I respect your view on this as you have a long track record in the analysis of human genetic variation. However, I know that you would not want me as a scientist to resolve this issue with a simple statement from authority. Until I can see the evidence and appropriate analyses clearly laid out in detail and clearly refuting the hypothesis, I can’t see it as decisively disproven.
Given that you do not seem to want to pursue this further due to time constraints, could I finally just ask you these questions (and these can be my final questions to you if you wish): Which published analyses in the literature do you see as most convincingly disproving a bottleneck hypothesis? Do you consider that analyses of the coalescence of different haplotype blocks within the human population could yield decisive tests of the bottleneck hypothesis?
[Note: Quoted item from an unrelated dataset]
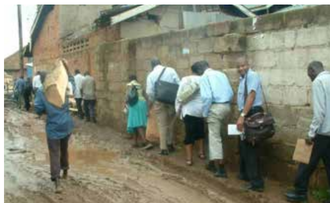
Learning journey sanitation marketing in Uganda

In 2011 and 2012, RCN coordinators and IRC staff collected evidence of sector learning and change. These stories of change were categorised based on an adaptation of the Reflexive Monitoring in Action “Learning Effect Framework” (table 2). In distinguishing who learns (e.g., person, organisation, network, sector) and what changes (e.g., knowledge, insights, policies, practices, institutions), the framework has helped illustrate the range of changes occurring—from individuals acquiring new insights or knowledge to institutional changes and new approaches that have become institutionalised across the sector.

Once again, I would like to say how much I have appreciated your contributions to this discussion. It has certainly moved my understanding of this area forward, and I now have clearer ideas about how the bottleneck of two hypothesis could be tested, which I am very glad about. I am sorry that this has not been as decisive as we might have hoped, but I certainly have learned a great deal. I hope in the future we will see some conclusive testing that can put this issue to rest.